Por eso con el centurión miramos al que traspasaron; miramos al Crucificado para poder con
Pablo entrar en el misterio de la Cruz y afirmar con él que la Cruz es escándalo para los judíos
necedad para los griegos más para nosotros fuerza del amor de Dios.
Amor de Dios que brilla en esa Cruz de plata que es un auténtico retablo en el que se nos
muestra al Señor de San Telmo, que nos habla de un Dios rico en misericordia y del misterio de la
iniquidad del hombre.
Ni qué decir tiene que la contemplación del Cristo con su mirada desafiante, seductora y
compasiva nos habla de Dios. De un Dios que ha decidido compartir nuestra condición humana
hasta el límite de compartir nuestro sufrimiento y muerte. En esta Cruz Dios nos dice: contigo
llego, hasta la muerte del pecador para que tú conmigo puedas conocer la salvación y la vida.
Cristo ha abierto el camino de retorno al Padre. Dios se ha donado para poder atravesar con
nosotros el tempestuoso mar de la existencia y hacer así la travesía más segura. La Expiración de
nuestro Señor se ha convertido en la suprema manifestación del amor que se dona.

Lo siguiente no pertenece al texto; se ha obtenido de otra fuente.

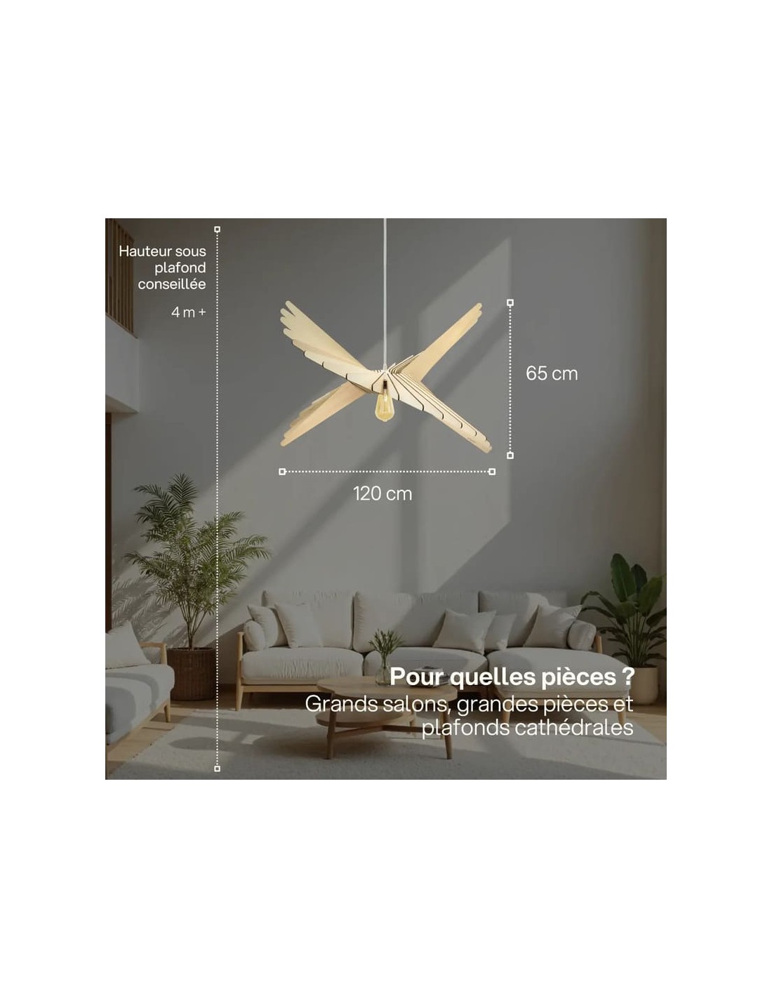 La suspension Albatros ø 120 cm en finition chêne de l'Atelier Loupiote est un luminaire décoratif XXL alliant design aérien et fabrication artisanale française.

Pero Cristo nos habla también del misterio del hombre y del misterio de la iniquidad. ¿Quién
es el hombre? Personas capaces de pecar, capaces de vivir la enemistad con Dios, manifestada en la
soledad de tantos jóvenes encerrados en el más radical individualismo, las desilusiones del más
puro materialismo, las violencias, las guerras y el terrorismo que aniquila la vida de tantos
inocentes. Pero a la vez a la pregunta -de ¿quién es el hombre?- encontramos en la mirada del Cristo
otra respuesta: UN PECADOR PERDONADO.
Es del perdón que Él ha derramado en la Cruz de donde puede venir la fuerza para que brote
la grandeza del hombre. Es Él quien nos ilumina con su luz y nos alienta a seguir luchando y
defendiendo, ante las amenazas de hoy, las bases morales en las que reposan nuestras sociedades y
naciones de raíces cristianas: la afirmación de la dignidad inviolable de todo ser humano desde su
concepción hasta su muerte natural; la integridad de los derechos fundamentales que le son
inherentes y la comprensión solidaria del bien común.

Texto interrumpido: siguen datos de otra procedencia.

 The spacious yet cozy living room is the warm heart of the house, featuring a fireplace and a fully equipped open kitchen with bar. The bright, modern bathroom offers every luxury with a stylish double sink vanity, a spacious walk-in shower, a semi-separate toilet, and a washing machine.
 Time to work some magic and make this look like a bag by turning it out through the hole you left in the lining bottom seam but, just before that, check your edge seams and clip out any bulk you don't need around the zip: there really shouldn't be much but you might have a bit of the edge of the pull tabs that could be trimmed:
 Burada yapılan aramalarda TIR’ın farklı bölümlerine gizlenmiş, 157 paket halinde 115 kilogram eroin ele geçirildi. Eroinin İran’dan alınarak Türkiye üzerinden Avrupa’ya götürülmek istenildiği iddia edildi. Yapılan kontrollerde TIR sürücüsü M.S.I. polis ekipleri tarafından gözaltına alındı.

Es Él quien nos invita y nos llama a hacer crecer un amor compasivo con todos los que
sufren; un amor suplicante para que ablande los corazones de todos los hombres endurecidos por el
odio, la violencia, la intolerancia y la mentira; una amor esperanzado en la posibilidad de que
crezcan jóvenes pensantes y defensores de la verdad y la paz.
Por último en esta celebración tenemos que contemplar a María Santísima del Valle
coronada y tomar conciencia también de un don particular y precioso que Cristo crucificado nos ha
hecho: el don de su Madre y como a San Juan nos la entrega para que la acojamos en nuestra casa.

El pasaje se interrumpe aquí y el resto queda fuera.